## What to work on
Only one stretch of the material below is wanted: everything from the line containing "1. 16 - b^2" down to the line containing "Set of two single", both ends included. Repeat it exactly and skip the pictures.

## Input material
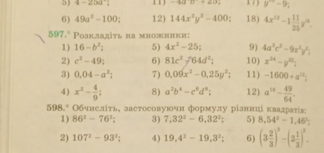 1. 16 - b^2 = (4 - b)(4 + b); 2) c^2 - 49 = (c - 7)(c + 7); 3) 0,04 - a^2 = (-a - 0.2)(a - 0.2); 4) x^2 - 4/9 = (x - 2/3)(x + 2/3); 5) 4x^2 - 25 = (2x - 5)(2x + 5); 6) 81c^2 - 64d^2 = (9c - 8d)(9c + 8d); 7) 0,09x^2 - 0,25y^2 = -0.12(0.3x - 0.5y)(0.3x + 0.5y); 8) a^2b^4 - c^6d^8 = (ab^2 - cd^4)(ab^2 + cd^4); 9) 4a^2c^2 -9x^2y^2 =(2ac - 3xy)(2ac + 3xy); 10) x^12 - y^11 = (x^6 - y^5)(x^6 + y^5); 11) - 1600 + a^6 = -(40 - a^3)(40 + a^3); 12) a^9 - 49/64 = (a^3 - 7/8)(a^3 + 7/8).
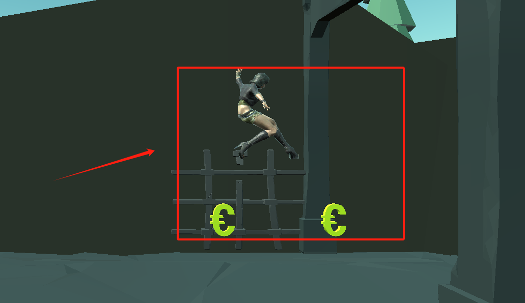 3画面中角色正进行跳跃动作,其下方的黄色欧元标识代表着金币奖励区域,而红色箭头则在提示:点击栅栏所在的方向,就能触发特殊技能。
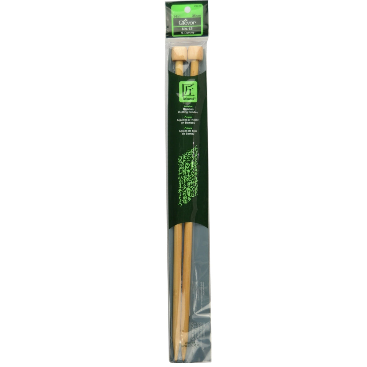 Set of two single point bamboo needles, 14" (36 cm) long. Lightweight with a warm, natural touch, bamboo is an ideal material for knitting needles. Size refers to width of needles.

---

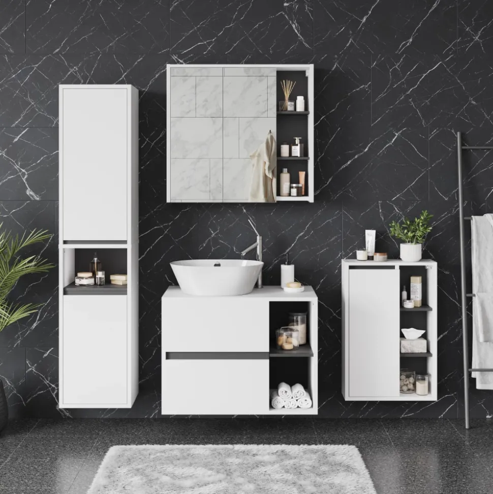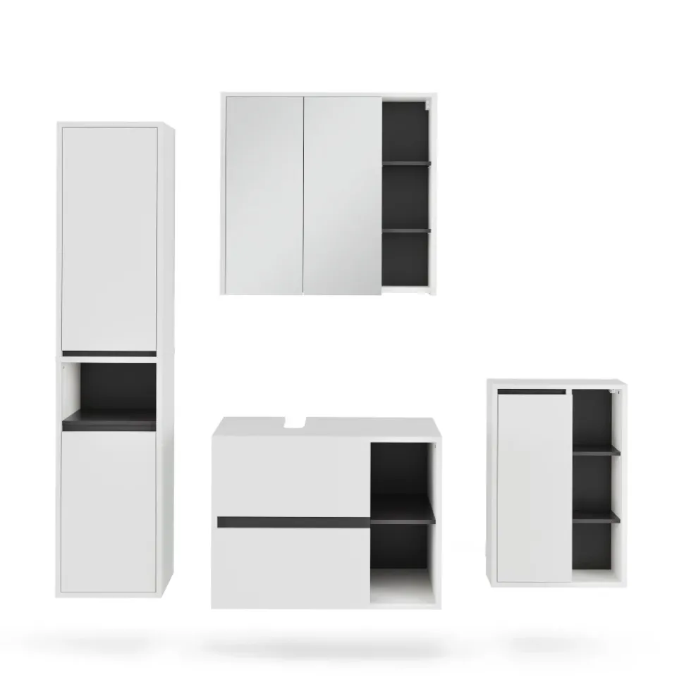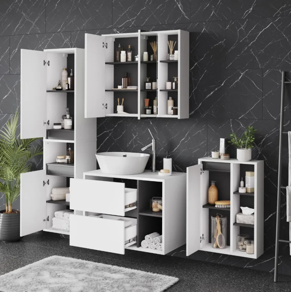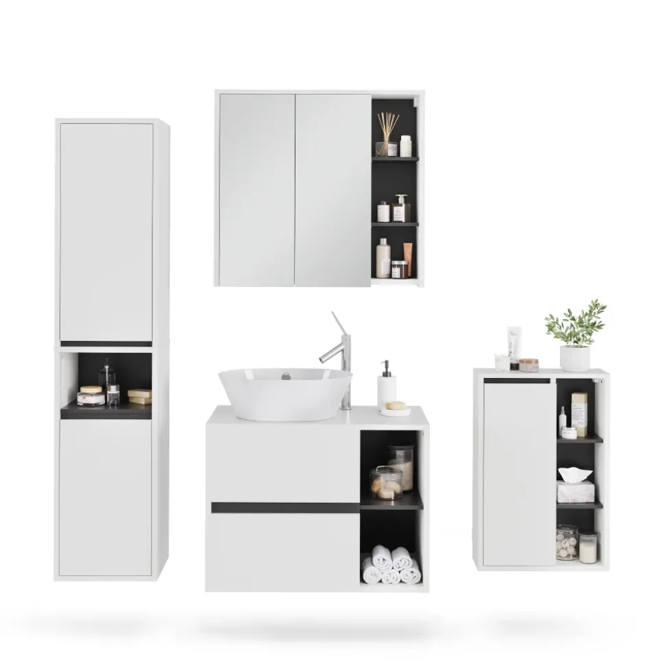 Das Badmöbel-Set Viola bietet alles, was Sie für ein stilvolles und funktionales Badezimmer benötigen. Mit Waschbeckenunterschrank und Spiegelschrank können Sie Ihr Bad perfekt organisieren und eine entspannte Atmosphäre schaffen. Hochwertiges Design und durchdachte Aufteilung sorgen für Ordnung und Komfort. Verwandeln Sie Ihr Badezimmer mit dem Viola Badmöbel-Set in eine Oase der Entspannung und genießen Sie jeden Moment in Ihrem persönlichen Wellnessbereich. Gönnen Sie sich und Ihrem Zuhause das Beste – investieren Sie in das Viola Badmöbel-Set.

...

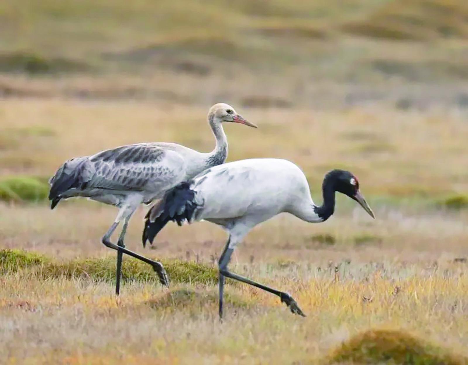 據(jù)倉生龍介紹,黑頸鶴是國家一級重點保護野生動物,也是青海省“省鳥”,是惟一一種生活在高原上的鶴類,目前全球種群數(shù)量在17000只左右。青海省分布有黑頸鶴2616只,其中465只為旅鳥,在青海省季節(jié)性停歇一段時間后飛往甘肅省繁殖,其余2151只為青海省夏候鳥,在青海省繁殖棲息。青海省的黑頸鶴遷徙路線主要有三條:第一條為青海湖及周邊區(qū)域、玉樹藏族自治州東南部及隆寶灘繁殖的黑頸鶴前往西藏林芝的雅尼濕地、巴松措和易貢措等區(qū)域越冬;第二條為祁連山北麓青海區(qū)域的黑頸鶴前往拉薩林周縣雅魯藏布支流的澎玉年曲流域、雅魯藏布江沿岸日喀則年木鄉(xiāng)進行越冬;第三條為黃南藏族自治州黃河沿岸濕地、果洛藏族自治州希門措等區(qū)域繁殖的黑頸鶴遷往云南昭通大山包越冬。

## Written answer
 1. 16 - b^2 = (4 - b)(4 + b); 2) c^2 - 49 = (c - 7)(c + 7); 3) 0,04 - a^2 = (-a - 0.2)(a - 0.2); 4) x^2 - 4/9 = (x - 2/3)(x + 2/3); 5) 4x^2 - 25 = (2x - 5)(2x + 5); 6) 81c^2 - 64d^2 = (9c - 8d)(9c + 8d); 7) 0,09x^2 - 0,25y^2 = -0.12(0.3x - 0.5y)(0.3x + 0.5y); 8) a^2b^4 - c^6d^8 = (ab^2 - cd^4)(ab^2 + cd^4); 9) 4a^2c^2 -9x^2y^2 =(2ac - 3xy)(2ac + 3xy); 10) x^12 - y^11 = (x^6 - y^5)(x^6 + y^5); 11) - 1600 + a^6 = -(40 - a^3)(40 + a^3); 12) a^9 - 49/64 = (a^3 - 7/8)(a^3 + 7/8).
 3画面中角色正进行跳跃动作,其下方的黄色欧元标识代表着金币奖励区域,而红色箭头则在提示:点击栅栏所在的方向,就能触发特殊技能。
 Set of two single point bamboo needles, 14" (36 cm) long. Lightweight with a warm, natural touch, bamboo is an ideal material for knitting needles. Size refers to width of needles.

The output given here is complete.